The house-boys and maid live in the house, and sleep on the floor, with a grass mat and pillows. The mayordomo sometimes lives quite near, being, perhaps, a married man. The coachman has his room by the stables, and the gardener lives in the lodge, or in a small hut in the garden.
The maestro-cook does not usually sleep on the premises. He arrives about 11 A.M., bearing two baskets depending from a pinga, or palma-brava staff, resting on his shoulder. These baskets will contain the day’s marketing—eggs, fish, meat, chicken, salad, tomatoes, bananas, firewood, and many other things.
He promptly sets to work, and by twelve, or half-past, presents a tiffin of three or four courses.
His afternoon is devoted to preparing the more elaborate dinner due at 7.30 P.M., when he will be ready to serve soup, fish, entrées, a roast, a curry, and sweets, all conscientiously prepared, and sent in hot. Most excellent curries are made in Manila, both by Chinamen and natives. To my mind, the best are made from prawns, from crab, or from frogs’ legs. If you cannot eat anything else at dinner, you can always make out with the curry.
The dinner over, the cook asks for orders, and takes his departure, to return with perfect punctuality the following day.

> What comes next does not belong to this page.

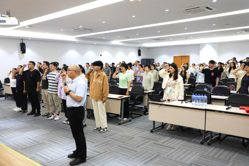 党委书记王建新、副书记王盛、组织委员王洋、“在党五十年”纪念章获得者张敖珍为师生预备党员代表佩戴党徽。王建新作为领誓人,带领全体党员面向党旗庄严宣誓,“我志愿加入中国共产党,拥护党的纲领,遵守党的章程……”,铿锵有力的誓言不仅回荡在会场内,更深深植根于每一位在场党员的心中。

The Chinese cooks all belong to a guild, which is a trades’ union and a co-operative society, and are bound to follow the rules.
They would never dream of going into a market and bidding one against the other.
Their system is to assemble early every morning at the guild house, and for each man to state his requirements. A scribe then tabulates the orders—so many turkeys, so many chickens, etc., and two experienced cooks are commissioned as buyers to go into the market and purchase the whole lot, the provisions being afterwards fairly divided amongst the members, each having his turn to get the choice pieces, such as saddle of mutton, kidneys, etc. But if a dinner-party is contemplated, the cook who has to prepare it gets the preference.
They thus obtain everything much cheaper than the native cooks, even after taking a good squeeze for themselves. I believe that they have a fixed percentage which they charge, and would consider it dishonest to take any more, whilst the guild would not approve of their taking any less.